• [Directions for this task] Pictures aside, the data must be reproduced exactly.

• [Supplied information]
▼

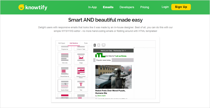 Knowtify làm nổi bật trên thị trường vì một trình soạn thảo email cho dịch vụ tiếp thị qua email của họ bởi dễ sử dụng và tính linh hoạt.
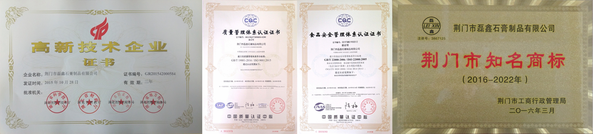 國家高新技術(shù)企業(yè)!湖北省專精特新中小企業(yè)!湖北省支柱產(chǎn)業(yè)細分領(lǐng)域隱形冠軍培育企業(yè)!湖北省守合同重信用企業(yè)!湖北省兩化融合示范企業(yè)!荊門市知名商標!中國高純、高白、高亮、超細硫酸鈣(石膏)生產(chǎn)基地!中國取得《食品生產(chǎn)許可證》的食品添加劑硫酸鈣(石膏)供應(yīng)商!中國取得《飼料添加劑生產(chǎn)許可證》和《產(chǎn)品批準文號》硫酸鈣供應(yīng)商!中國取得《出口飼料生產(chǎn)、加工、存放企業(yè)檢驗檢疫注冊登記證》飼料添加劑硫酸鈣供應(yīng)商!通過ISO9001國際質(zhì)量管理體系認證!通過ISO22000國際食品安全管理體系認證!通過HALAL國際清真認證!通過KOSHER猶太認證! 荊門市磊鑫石膏制品有限公司成立于2002年,位于石膏資源富集的湖北省荊門市東寶區(qū)工業(yè)園幸福路,占地27000余平方米,是一家在業(yè)內(nèi)享有盛譽的集石膏、石膏粉和硫酸鈣制品研發(fā)、生產(chǎn)、銷售于一體的高新技術(shù)企業(yè)。公司擁有 “磊鑫”、“杰普生”、“凱氏蘇特”等5個國家注冊商標,2個發(fā)明專利,18個實用新型專利,50余篇自有技術(shù)應(yīng)用研究,36篇權(quán)威期刊發(fā)表技術(shù)論文。主要產(chǎn)品有:醫(yī)藥級硫酸鈣、食品級硫酸鈣、飼料添加劑硫酸鈣、人造石透明填充粉,凱色粉、涂料及化妝品功能性填料和特級半水纖膏粉、混合石膏粉、模型石膏粉,建筑石膏粉等九大系列50余種產(chǎn)品。公司享有自營進出口權(quán),客戶遍布全世界,是多家公司、集團和世界500強企業(yè)的優(yōu)秀供應(yīng)商!產(chǎn)品遠銷到韓國、日本、俄羅斯、中國臺灣、東南亞、歐美、中東、非洲等國家和地區(qū)。公司緊靠207國道,焦柳鐵路穿境而過,距漢江碼頭50公里,長江沙市港90公里。交通運輸便利,確保及時供貨。“待用戶為上帝誠信為本,視質(zhì)量為生命持之以恒!”是我們的企業(yè)宗旨,與我們合作是您明智的選擇,共謀發(fā)展是我們共同的目標!歡迎垂詢,歡迎惠顧! Your Trusted Source For Food-Grade Calcium Sulfate!——做全球更好的食品級硫酸鈣(石膏)供應(yīng)商!          ——CGC·磊鑫石膏
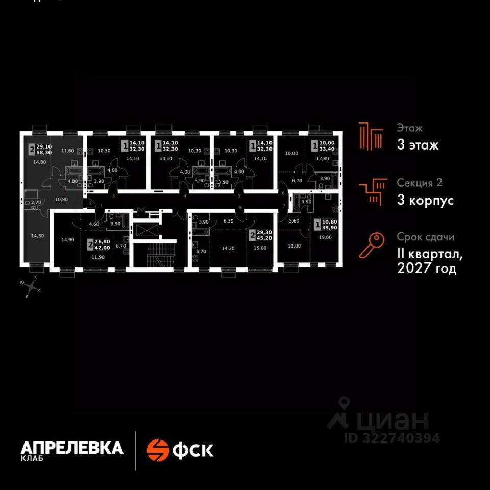 Продаётся 2-к квартира номер 43 общей площадью 58.3 кв.м на 3-м этаже 5 этажного дома. Без отделки.
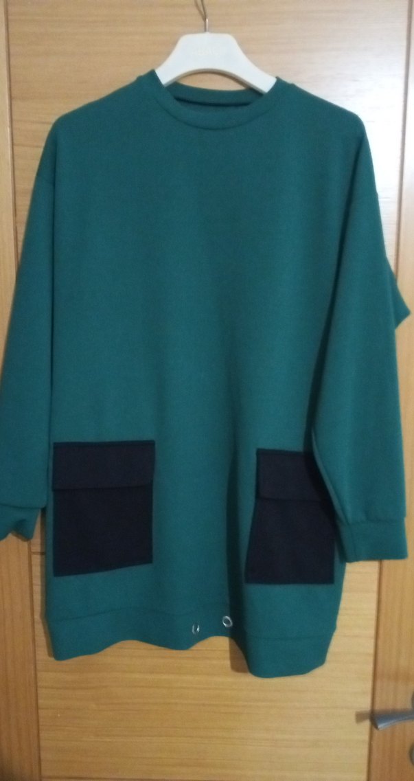 Uzun kollu, yeşil rahat triko sweatshirt. Bisiklet yaka, iki ön cepli ve normal boyda, günlük kullanıma uygun.

▲

• [Final answer]
 Knowtify làm nổi bật trên thị trường vì một trình soạn thảo email cho dịch vụ tiếp thị qua email của họ bởi dễ sử dụng và tính linh hoạt.
 國家高新技術(shù)企業(yè)!湖北省專精特新中小企業(yè)!湖北省支柱產(chǎn)業(yè)細分領(lǐng)域隱形冠軍培育企業(yè)!湖北省守合同重信用企業(yè)!湖北省兩化融合示范企業(yè)!荊門市知名商標!中國高純、高白、高亮、超細硫酸鈣(石膏)生產(chǎn)基地!中國取得《食品生產(chǎn)許可證》的食品添加劑硫酸鈣(石膏)供應(yīng)商!中國取得《飼料添加劑生產(chǎn)許可證》和《產(chǎn)品批準文號》硫酸鈣供應(yīng)商!中國取得《出口飼料生產(chǎn)、加工、存放企業(yè)檢驗檢疫注冊登記證》飼料添加劑硫酸鈣供應(yīng)商!通過ISO9001國際質(zhì)量管理體系認證!通過ISO22000國際食品安全管理體系認證!通過HALAL國際清真認證!通過KOSHER猶太認證! 荊門市磊鑫石膏制品有限公司成立于2002年,位于石膏資源富集的湖北省荊門市東寶區(qū)工業(yè)園幸福路,占地27000余平方米,是一家在業(yè)內(nèi)享有盛譽的集石膏、石膏粉和硫酸鈣制品研發(fā)、生產(chǎn)、銷售于一體的高新技術(shù)企業(yè)。公司擁有 “磊鑫”、“杰普生”、“凱氏蘇特”等5個國家注冊商標,2個發(fā)明專利,18個實用新型專利,50余篇自有技術(shù)應(yīng)用研究,36篇權(quán)威期刊發(fā)表技術(shù)論文。主要產(chǎn)品有:醫(yī)藥級硫酸鈣、食品級硫酸鈣、飼料添加劑硫酸鈣、人造石透明填充粉,凱色粉、涂料及化妝品功能性填料和特級半水纖膏粉、混合石膏粉、模型石膏粉,建筑石膏粉等九大系列50余種產(chǎn)品。公司享有自營進出口權(quán),客戶遍布全世界,是多家公司、集團和世界500強企業(yè)的優(yōu)秀供應(yīng)商!產(chǎn)品遠銷到韓國、日本、俄羅斯、中國臺灣、東南亞、歐美、中東、非洲等國家和地區(qū)。公司緊靠207國道,焦柳鐵路穿境而過,距漢江碼頭50公里,長江沙市港90公里。交通運輸便利,確保及時供貨。“待用戶為上帝誠信為本,視質(zhì)量為生命持之以恒!”是我們的企業(yè)宗旨,與我們合作是您明智的選擇,共謀發(fā)展是我們共同的目標!歡迎垂詢,歡迎惠顧! Your Trusted Source For Food-Grade Calcium Sulfate!——做全球更好的食品級硫酸鈣(石膏)供應(yīng)商!          ——CGC·磊鑫石膏
 Продаётся 2-к квартира номер 43 общей площадью 58.3 кв.м на 3-м этаже 5 этажного дома. Без отделки.
 Uzun kollu, yeşil rahat triko sweatshirt. Bisiklet yaka, iki ön cepli ve normal boyda, günlük kullanıma uygun.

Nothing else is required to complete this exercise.